» **Exercise brief**: Only one stretch of the material below is wanted: everything from the line containing "Kathmandu Photo College" down to the line containing "Eckhard Bick, famous", both ends included. Repeat it exactly and skip the pictures.

» **Supplied entries**:
*** Block opens ***
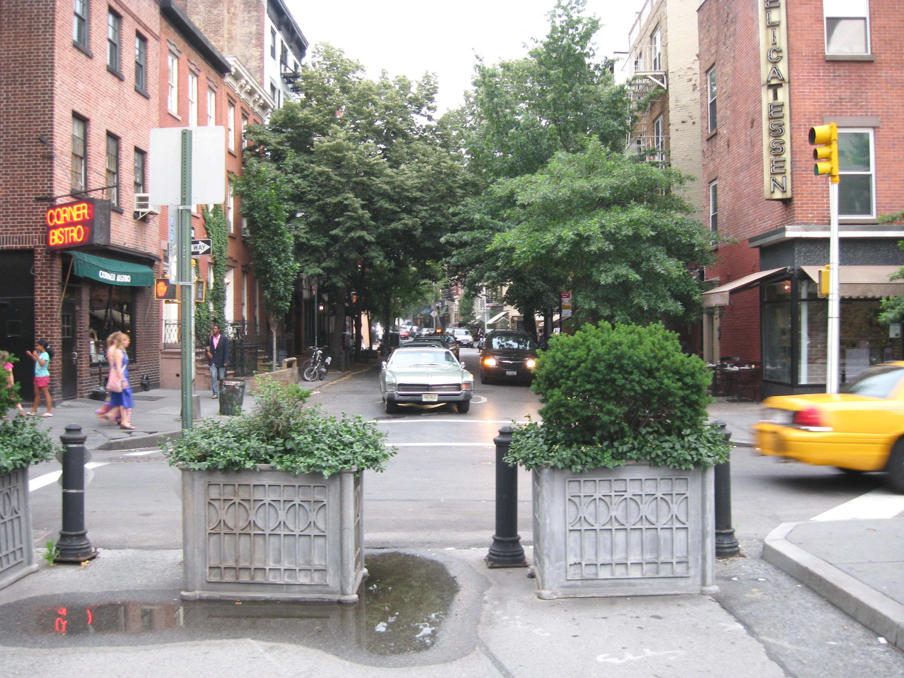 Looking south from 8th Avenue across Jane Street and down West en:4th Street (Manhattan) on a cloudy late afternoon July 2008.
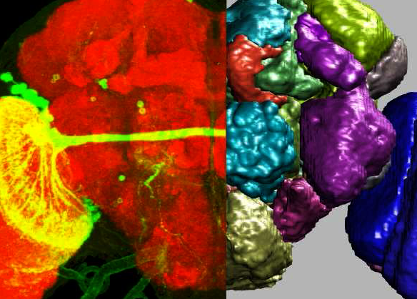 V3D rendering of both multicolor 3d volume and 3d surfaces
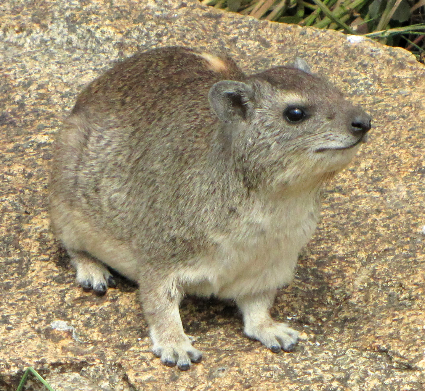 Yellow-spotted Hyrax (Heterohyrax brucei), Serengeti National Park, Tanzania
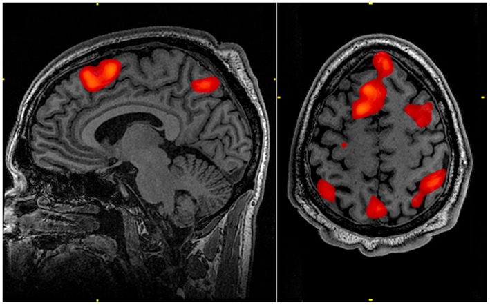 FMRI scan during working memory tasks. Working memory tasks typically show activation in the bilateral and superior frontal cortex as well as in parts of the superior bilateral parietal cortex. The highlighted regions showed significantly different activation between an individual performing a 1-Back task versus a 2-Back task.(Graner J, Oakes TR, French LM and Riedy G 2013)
*** Block closes ***
*** Block opens ***
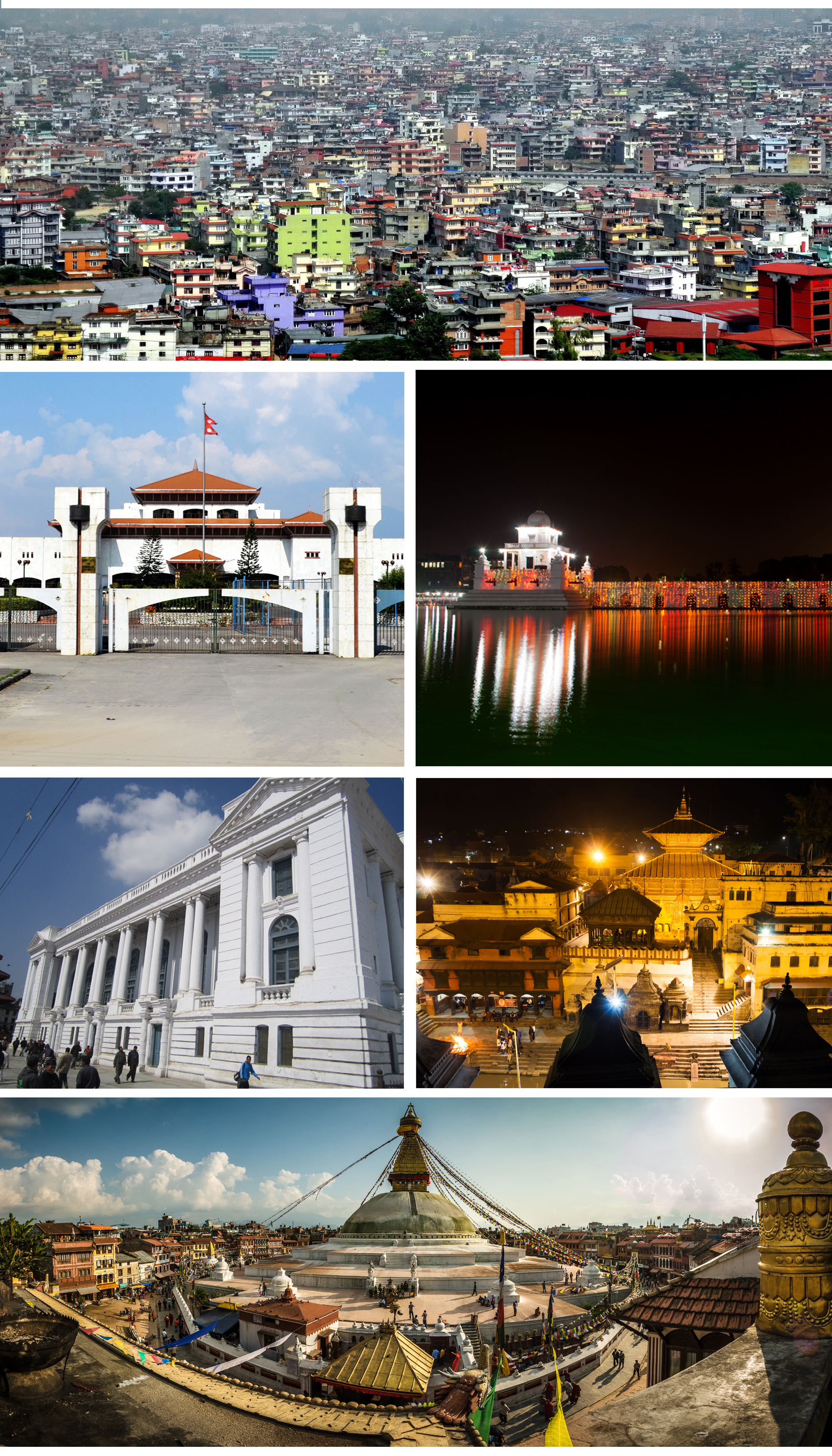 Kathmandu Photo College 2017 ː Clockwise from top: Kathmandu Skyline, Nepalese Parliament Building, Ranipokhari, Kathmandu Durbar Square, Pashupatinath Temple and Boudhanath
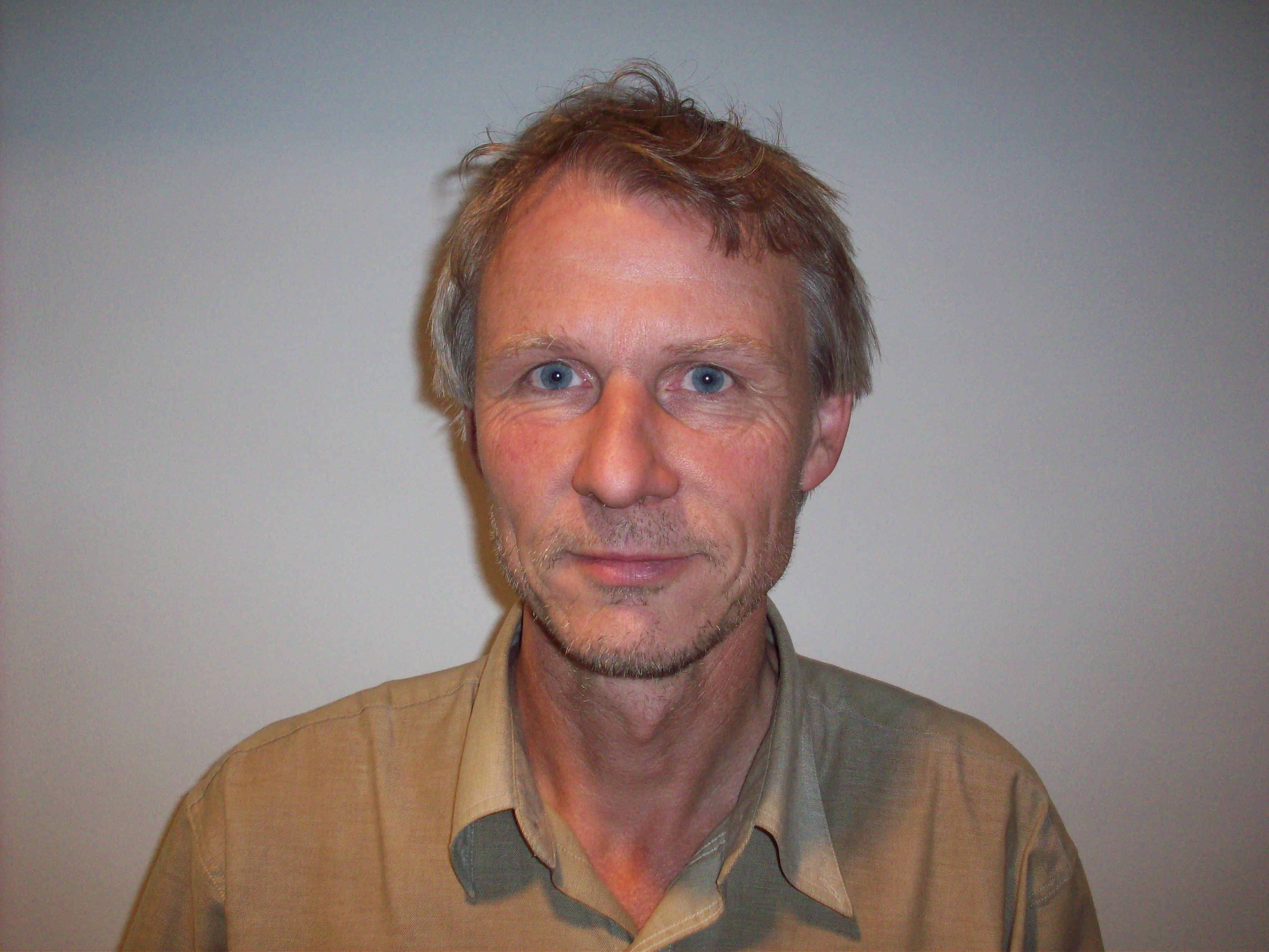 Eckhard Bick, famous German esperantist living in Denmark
*** Block closes ***
» **Exercise answer**:
 Kathmandu Photo College 2017 ː Clockwise from top: Kathmandu Skyline, Nepalese Parliament Building, Ranipokhari, Kathmandu Durbar Square, Pashupatinath Temple and Boudhanath
 Eckhard Bick, famous German esperantist living in Denmark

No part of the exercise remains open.